Law School Case Brief
In re Walt Disney Co. Derivative Litig. - 825 A.2d 275 (Del. Ch. 2003)
With respect to whether a plaintiff's complaint survives a Del. Ch. Ct. R. 23.1 motion to dismiss under the Aronson second prong, in order for demand to be excused under the second prong of Aronson, the plaintiffs must allege particularized facts that raise doubt about whether the challenged transaction is entitled to the protection of the business judgment rule. The plaintiffs may rebut the presumption that the board's decision is entitled to deference by raising a reason to doubt whether the board's action is taken on an informed basis or whether the directors honestly and in good faith believe that the action is in the best interests of the corporation. Thus, the plaintiffs must plead particularized facts sufficient to raise (1) a reason to doubt that the action is taken honestly and in good faith, or (2) a reason to doubt that the board is adequately informed in making the decision.

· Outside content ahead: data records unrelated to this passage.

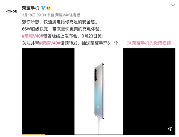 3月18日,荣耀手机在微博宣布,荣耀V40轻奢版将于3月23日正式发布。目前,荣耀V40轻奢版已在京东同步开启预约,参与预约还有机会赢取好礼。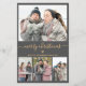 Budgeterad Elegant, Minimalistiskt, Modern Grått och Guld 4 Photo Collage God jul Script Helgdag Thin Card. Obs! Lägre än vykort! Den här sjutna, minimala fyra (4) fotokortsmallen innehåller en söt fotokollage, ett litet udda hjärta och säger God jul! Texten "God jul" hälsning är skriven i ett vackert guld-handskrivet typsnitt för dekorerade typografier-svan på bakgrunden av grått färg. På den omvända sidan finns hälsning textmall, lite svart dodle-hjärta och gräs träd på vit bakgrund. Söt, söt, tunn hälsningskort med billigt är ett underbart val för din familj och dina vänner under denna jul och Julhelg.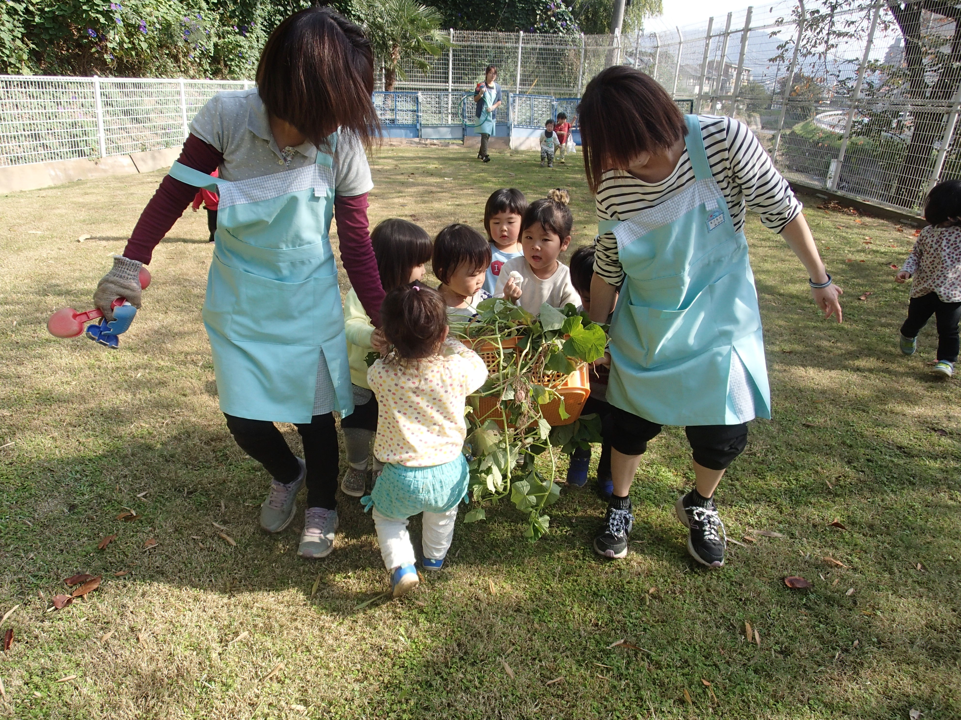 収穫したさつま芋を「おいも!おいも!」と言いながら
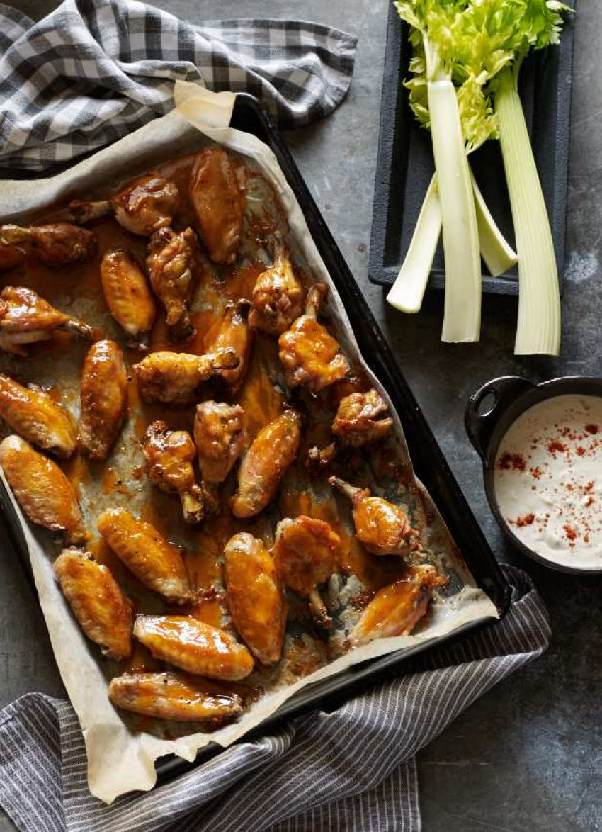 Baked wings doused in a hot and spicy sauce go perfectly with blue cheese dip and fresh, crunchy sticks of celery. I don’t use oil on the wings, as they have enough natural fat.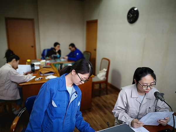 為了有效利用白天的檢修時(shí)間,減少夜間加班的作業(yè)風(fēng)險(xiǎn),推進(jìn)大檢修安全高效進(jìn)行,7:30成為每天大檢修的工作開始時(shí)間。寒氣還未散盡,辛勤的檢修人已經(jīng)早起身,就餐、早點(diǎn)名、安全交接、廣播宣傳、一線報(bào)道等井然有序,檢修時(shí)間,我們一同前行。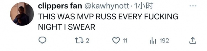 @clippers fan:勿6!这也就是曾经的MVP版本威少家常便饭的表现而已,我对天发誓!!!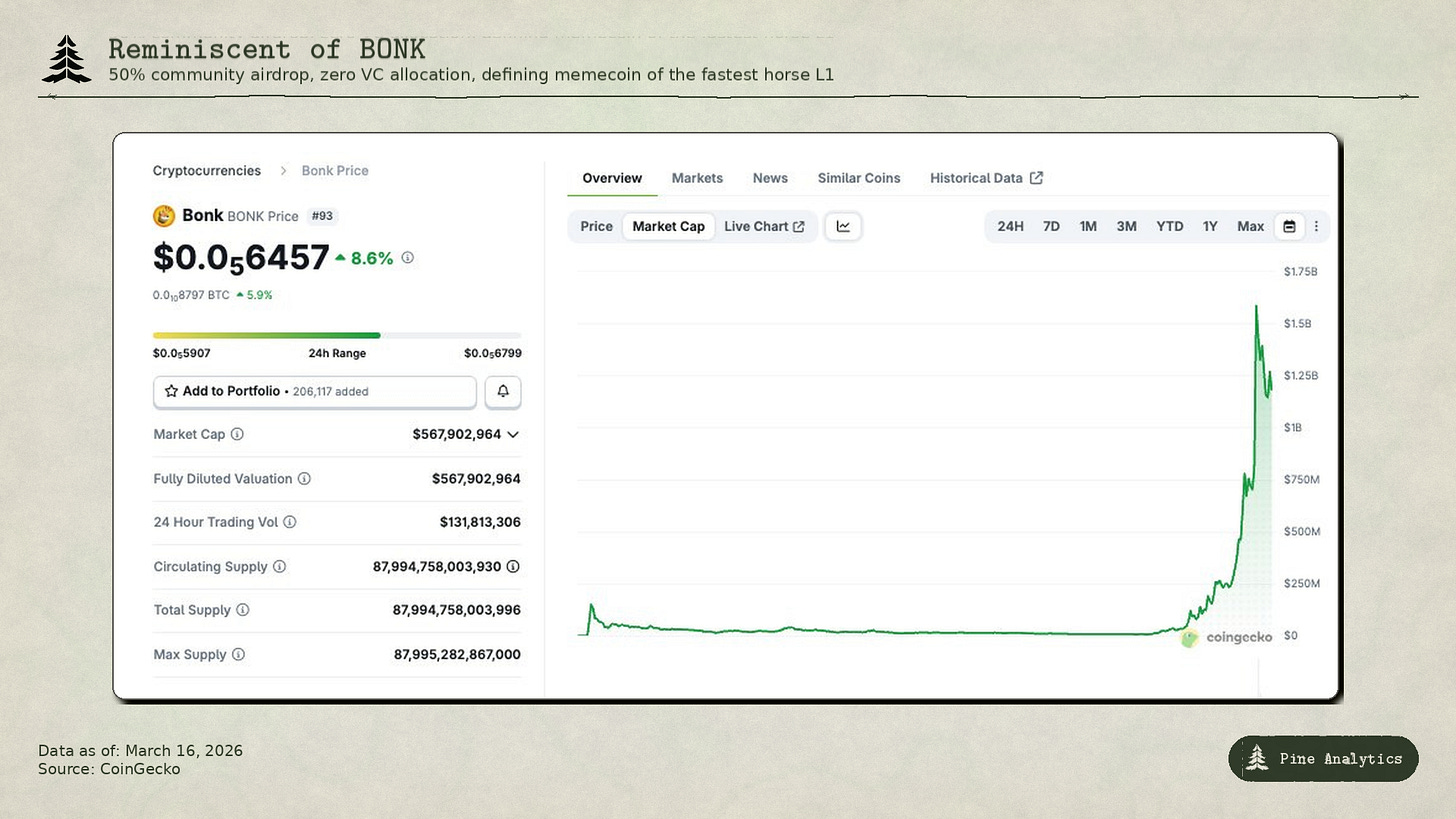 The parallels between PURR and BONK are hard to ignore. Both launched via community airdrops with 50% of supply distributed freely and zero VC allocation. Both were deployed during pivotal moments for their respective L1s: BONK arrived on Christmas Day 2022 to revive Solana post-FTX, PURR launched in April 2024 as Hyperliquid’s first native spot token. Both experienced an initial spike followed by an extended bleed. And both emerged as the defining memecoin of the L1 that is arguably the fastest horse in its respective cycle.

In this derivative action filed on behalf of nominal defendant Walt Disney Company, plaintiffs alleged that the defendant directors breached their fiduciary duties when they blindly approved an employment agreement with defendant president Michael Ovitz and then, again without any review or deliberation, ignored defendant CEO Michael Eisner's dealings with Ovitz regarding his non-fault termination. Plaintiffs sought rescission and/or money damages from defendants and Ovitz, or compensation for damages allegedly sustained by Disney and disgorgement of Ovitz's unjust enrichment.
Was the motion to dismiss meritorious?
The chancery court treated the dismissal motion (converted to a summary judgment motion because defendants relied on documents not in the complaint) as a dismissal motion and did not consider the other documents. CEO Eisner and president Ovitz had been friends for 25 years when the presidency opened when a prior president of the entertainment corporation died. The allegations included that the CEO negotiated the president's hiring and that the compensation committee and the old directors knowingly or intentionally abdicated their responsibility to exercise business judgment and to make a good faith attempt to fulfill their fiduciary duties to the Disney corporation and its shareholders to review the hiring. Similar allegations were made for the termination against the new board. The hiring and termination allegedly awarded president Ovitz in excess of $140,000,000 for barely one year of allegedly ineffectual service. The president's employment arrangement involved, in part, a large salary, stock options back-dated to be in the money, discretionary bonuses (both vested unless he was fired for cause), and an arranged no-fault termination so vesting would take place. The chancery court decided the alleged facts excused demand, and, if proven true, portrayed directors consciously indifferent to a material corporation issue, the law had to intervene against an abuse of trust, and denied the motion to dismiss the claims against (1) board members, concerning fiduciary duty breaches and waste, and (2) president Ovitz, for breach of his fiduciary duties by engaging in a self-interested transaction with his friend, CEO Eisner.